HOW TO COMPLETE THIS TASK | Find "Set of elegant" in the listing below, then set down only that line and each later line, unchanged, leaving out pictures.

EXTRACTED INFORMATION |
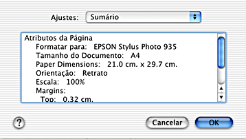 Com a opção Sumário seleccionada na lista de ajustes, pode confirmar as definições actuais na caixa de diálogo Configurar Página.
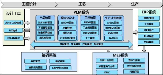 通過NX三維零件設(shè)計(jì)、EPLAN電工電路設(shè)計(jì)應(yīng)用,使技術(shù)人員能夠迅速建模,為智能制造提供智慧方案。通過開展PLM、ERP與MES的系統(tǒng)集成,實(shí)現(xiàn)以BOM為核心的數(shù)據(jù)貫通和以業(yè)務(wù)為核心的流程貫通。管理人員只需打開MES,輕點(diǎn)鼠標(biāo),各工序的生產(chǎn)情況、產(chǎn)出及庫存情況、成品庫存等就能呈現(xiàn)眼前。系統(tǒng)的集成應(yīng)用,使零件庫存降低49.24%,核心產(chǎn)品生產(chǎn)周期由21.3天縮短為18.1天,生產(chǎn)效率提升30%,產(chǎn)品不良率降低20%,電子化質(zhì)檢卡使減少用紙12萬張。
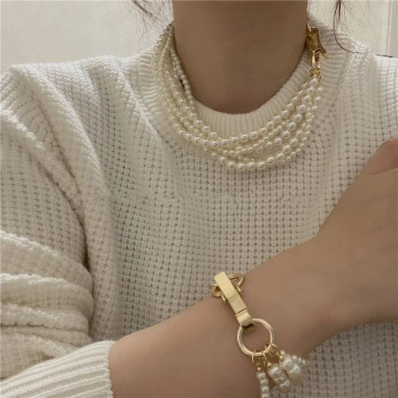 AOMU 2021 Design Vintage Geometric Multilayer Imitation Pearl Necklace For Women Girls Party Jewelry Accessories
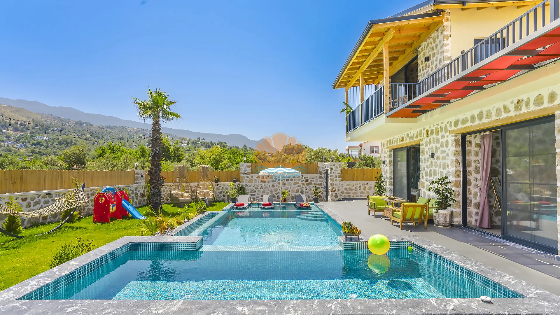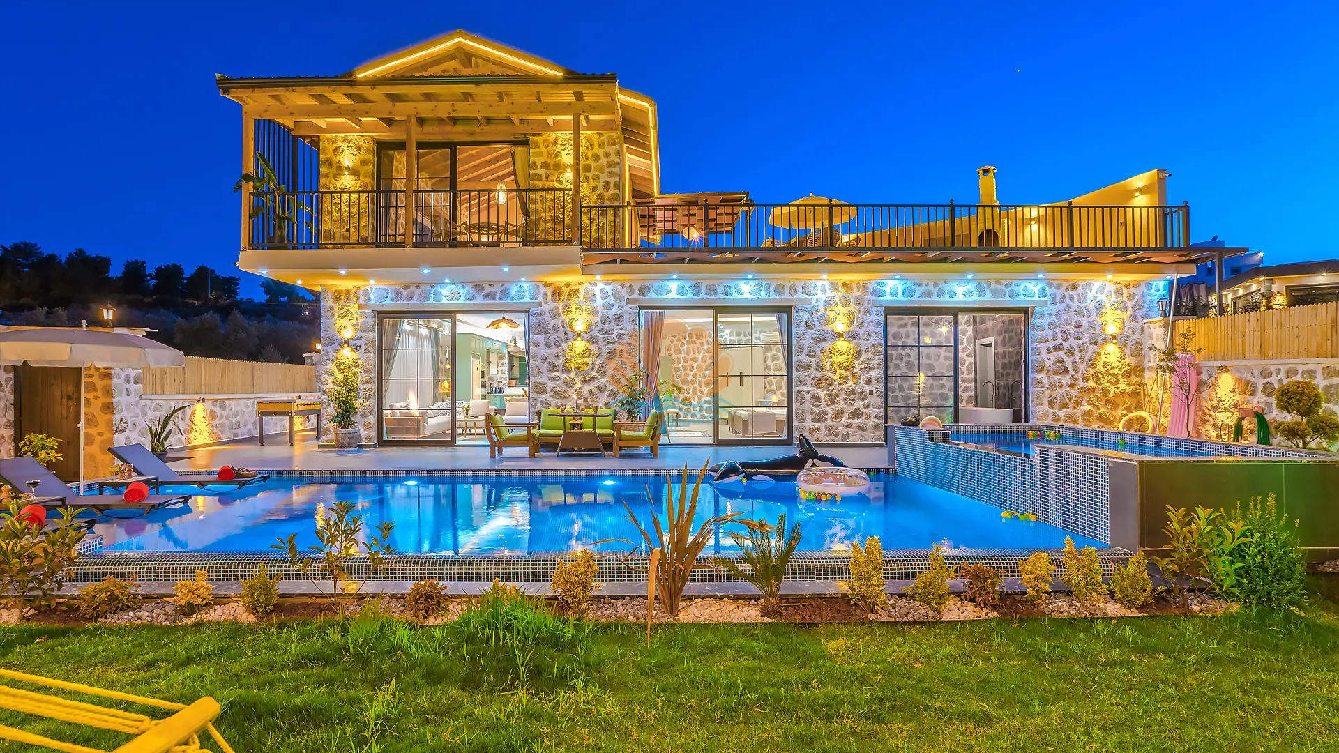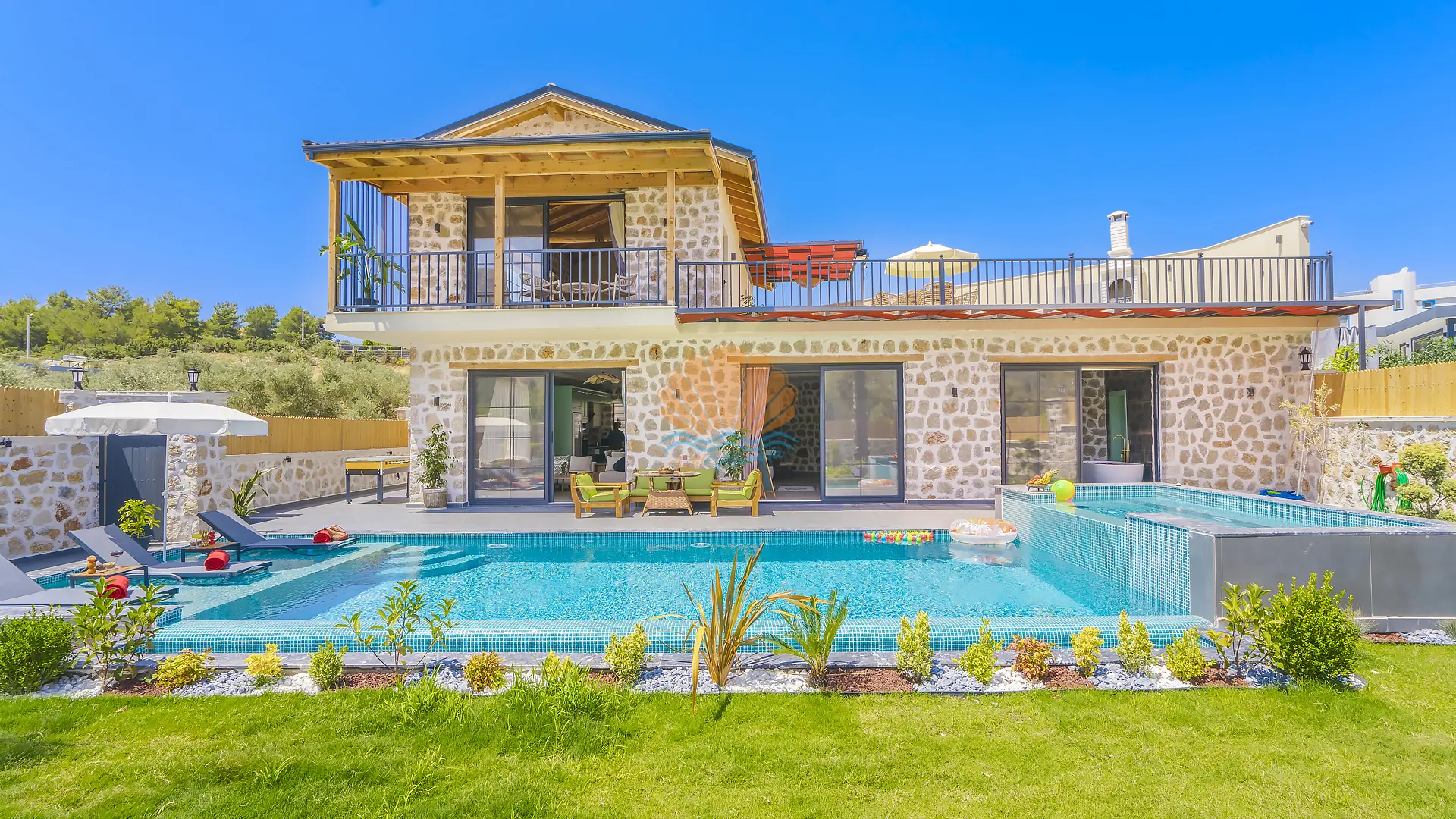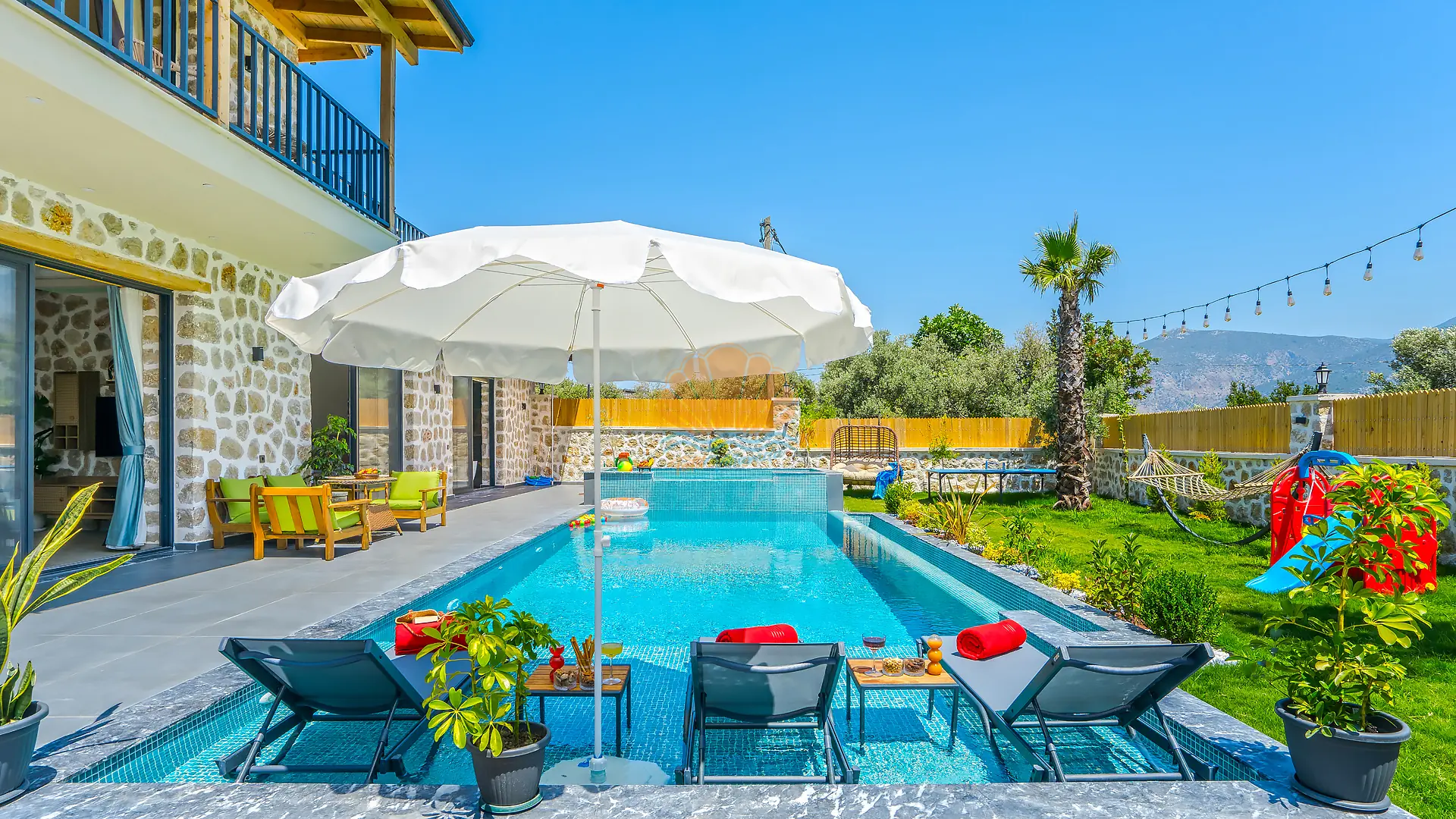 Geniş ve bakımlı bahçesinde yer alan korunaklı özel yüzme havuzu, gün boyu özgürce vakit geçirmenize olanak tanır. Ayrıca çocuklar için düşünülmüş ayrı bir çocuk havuzu da mevcuttur. Havuz başında konforlu şezlonglar, şemsiye, salıncak ve hamak ile dinlenirken, barbekü alanında keyifli akşam yemekleri hazırlayabilirsiniz. Bahçe içerisinde yer alan masa tenisi ve langırt gibi aktiviteler sayesinde eğlenceli vakit geçirebilir, mini çocuk oyun parkı ile çocuklarınızın güvenle eğlenmesini sağlayabilirsiniz.
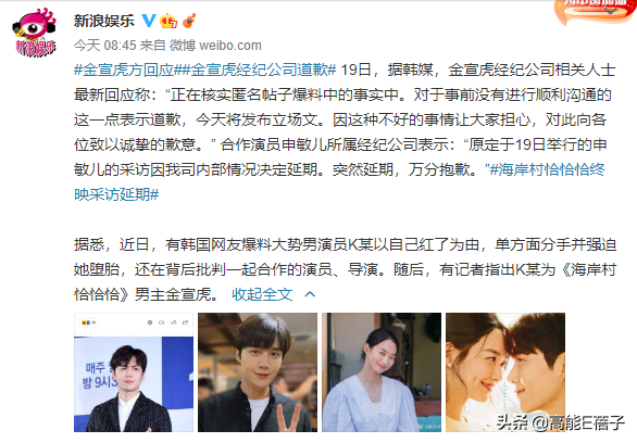 19日,據韓媒,金宣虎經紀公司相關人士回應稱:「正在核實匿名帖子爆料中的事實中。對於事前沒有進行順利溝通的這一點表示道歉,今天將發布立場文。因這種不好的事情讓大家擔心,對此向各位致以誠摯的歉意。」
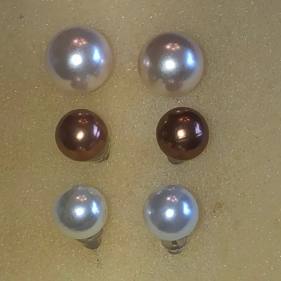 Set of elegant faux pearl stud earrings in white, cream, and brown. Perfect for any occasion. Good c... Show more
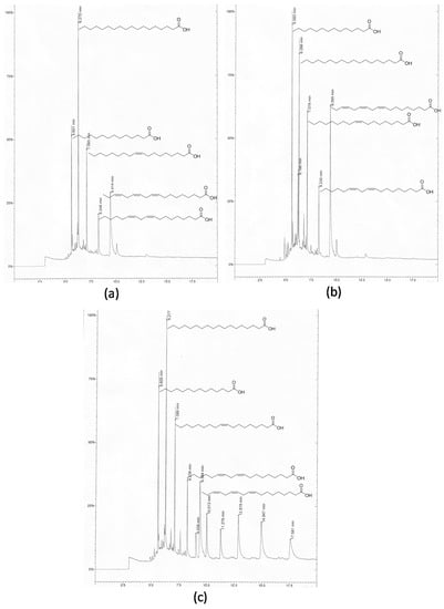 Chromatograms of the lipid profile of the hexane extractions performed in juices: (a) control juice; (b) pasteurized juice; and (c) thermoultrasonicated juice.

EXPECTED OUTPUT |
 Set of elegant faux pearl stud earrings in white, cream, and brown. Perfect for any occasion. Good c... Show more
 Chromatograms of the lipid profile of the hexane extractions performed in juices: (a) control juice; (b) pasteurized juice; and (c) thermoultrasonicated juice.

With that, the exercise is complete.